> [Problem description]:
The expected response is the full listing, retyped exactly, without its images.

> [Information supplied]:
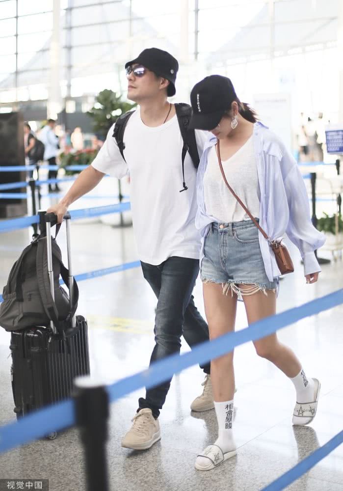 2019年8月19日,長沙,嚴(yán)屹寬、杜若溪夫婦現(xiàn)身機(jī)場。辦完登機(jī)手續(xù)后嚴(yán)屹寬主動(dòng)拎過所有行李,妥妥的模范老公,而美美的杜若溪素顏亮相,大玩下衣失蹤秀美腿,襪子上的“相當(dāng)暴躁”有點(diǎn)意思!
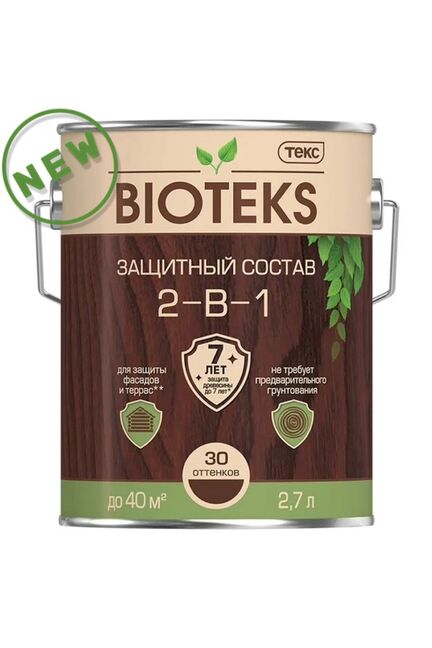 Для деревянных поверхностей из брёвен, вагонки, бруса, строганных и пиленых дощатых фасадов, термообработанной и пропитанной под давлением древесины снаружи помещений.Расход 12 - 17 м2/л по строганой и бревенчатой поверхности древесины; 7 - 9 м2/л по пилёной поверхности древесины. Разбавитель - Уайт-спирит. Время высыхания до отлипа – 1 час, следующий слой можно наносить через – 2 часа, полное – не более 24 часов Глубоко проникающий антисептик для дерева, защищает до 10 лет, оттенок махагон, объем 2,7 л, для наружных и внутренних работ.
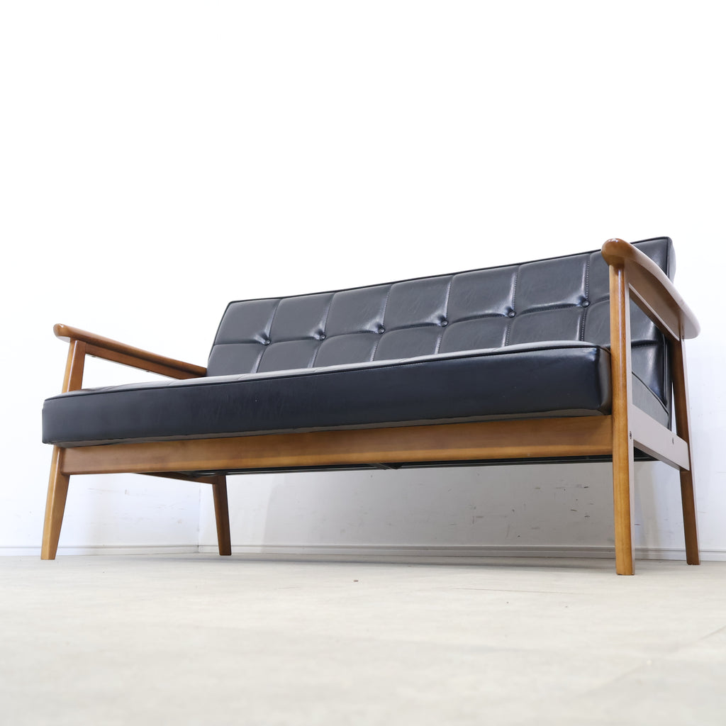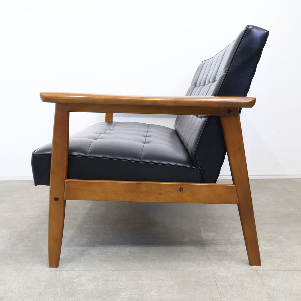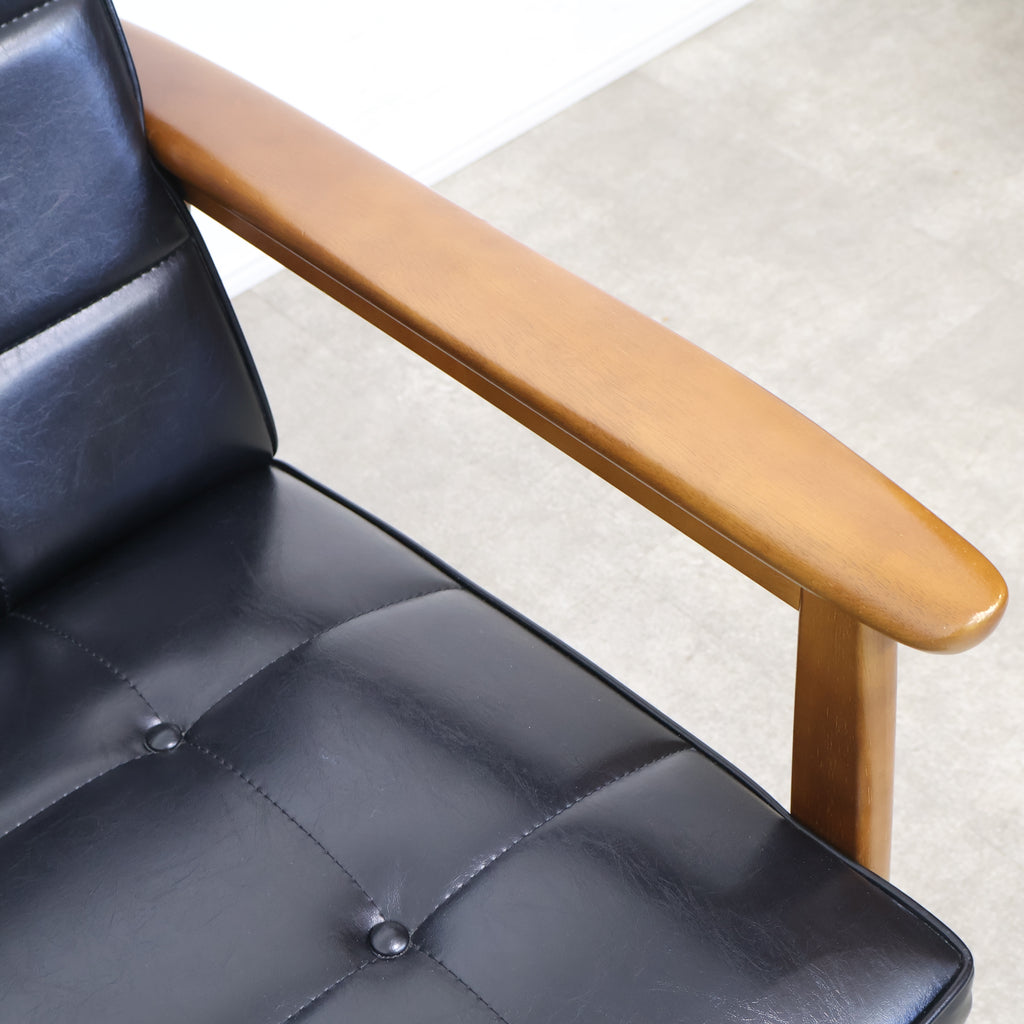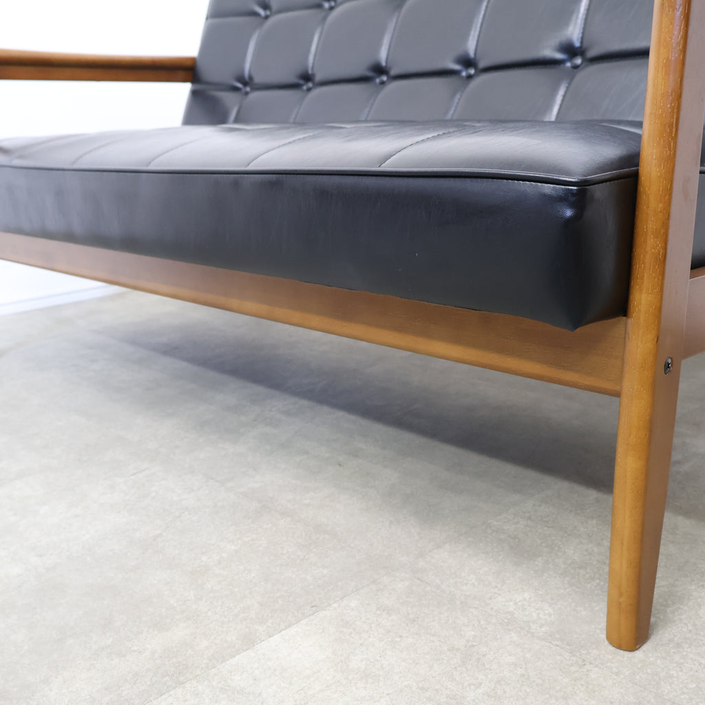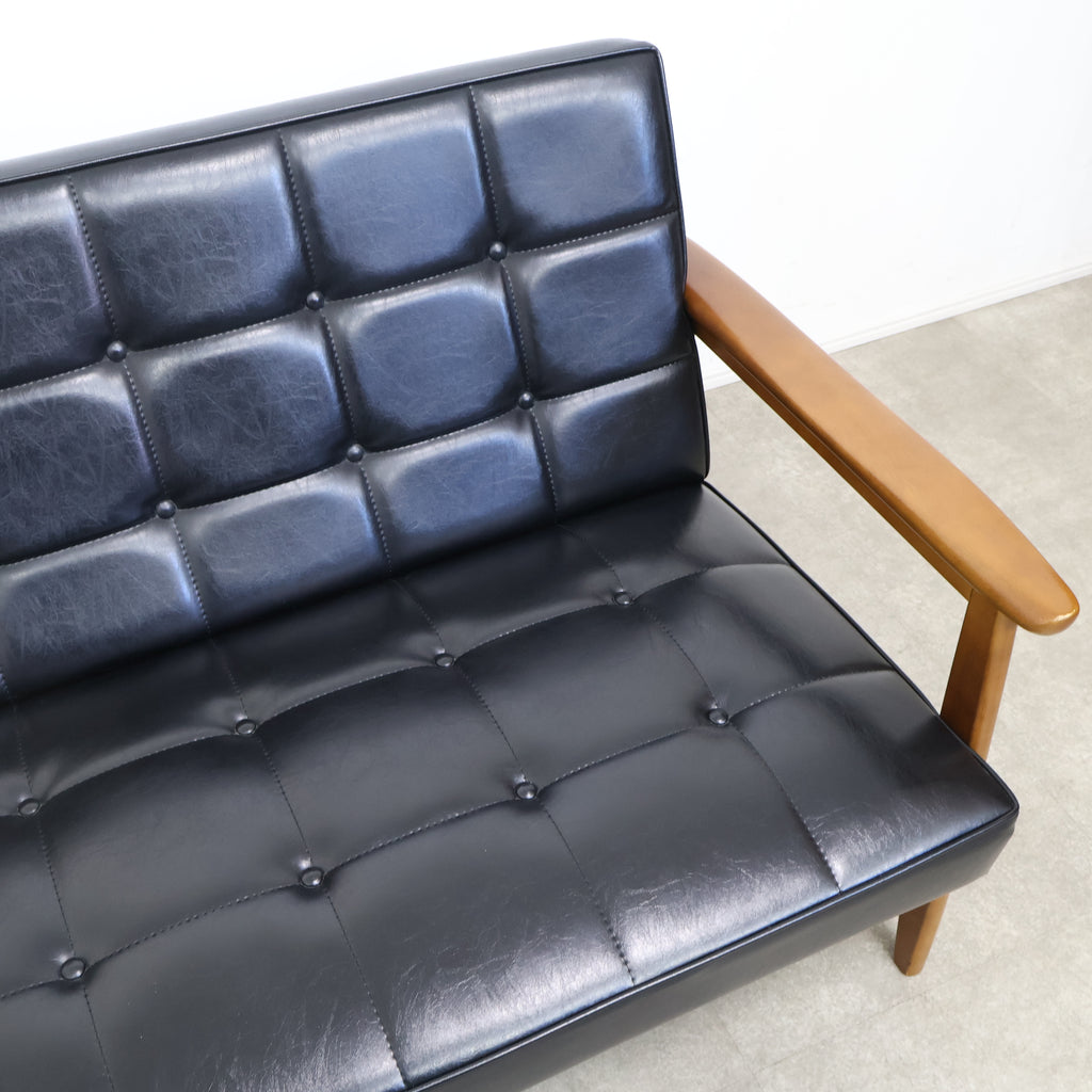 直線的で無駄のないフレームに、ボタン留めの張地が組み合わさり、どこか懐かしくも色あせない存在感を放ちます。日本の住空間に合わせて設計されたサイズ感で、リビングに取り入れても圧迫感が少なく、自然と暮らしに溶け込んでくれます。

> [Response]:
 2019年8月19日,長沙,嚴(yán)屹寬、杜若溪夫婦現(xiàn)身機(jī)場。辦完登機(jī)手續(xù)后嚴(yán)屹寬主動(dòng)拎過所有行李,妥妥的模范老公,而美美的杜若溪素顏亮相,大玩下衣失蹤秀美腿,襪子上的“相當(dāng)暴躁”有點(diǎn)意思!
 Для деревянных поверхностей из брёвен, вагонки, бруса, строганных и пиленых дощатых фасадов, термообработанной и пропитанной под давлением древесины снаружи помещений.Расход 12 - 17 м2/л по строганой и бревенчатой поверхности древесины; 7 - 9 м2/л по пилёной поверхности древесины. Разбавитель - Уайт-спирит. Время высыхания до отлипа – 1 час, следующий слой можно наносить через – 2 часа, полное – не более 24 часов Глубоко проникающий антисептик для дерева, защищает до 10 лет, оттенок махагон, объем 2,7 л, для наружных и внутренних работ.
 直線的で無駄のないフレームに、ボタン留めの張地が組み合わさり、どこか懐かしくも色あせない存在感を放ちます。日本の住空間に合わせて設計されたサイズ感で、リビングに取り入れても圧迫感が少なく、自然と暮らしに溶け込んでくれます。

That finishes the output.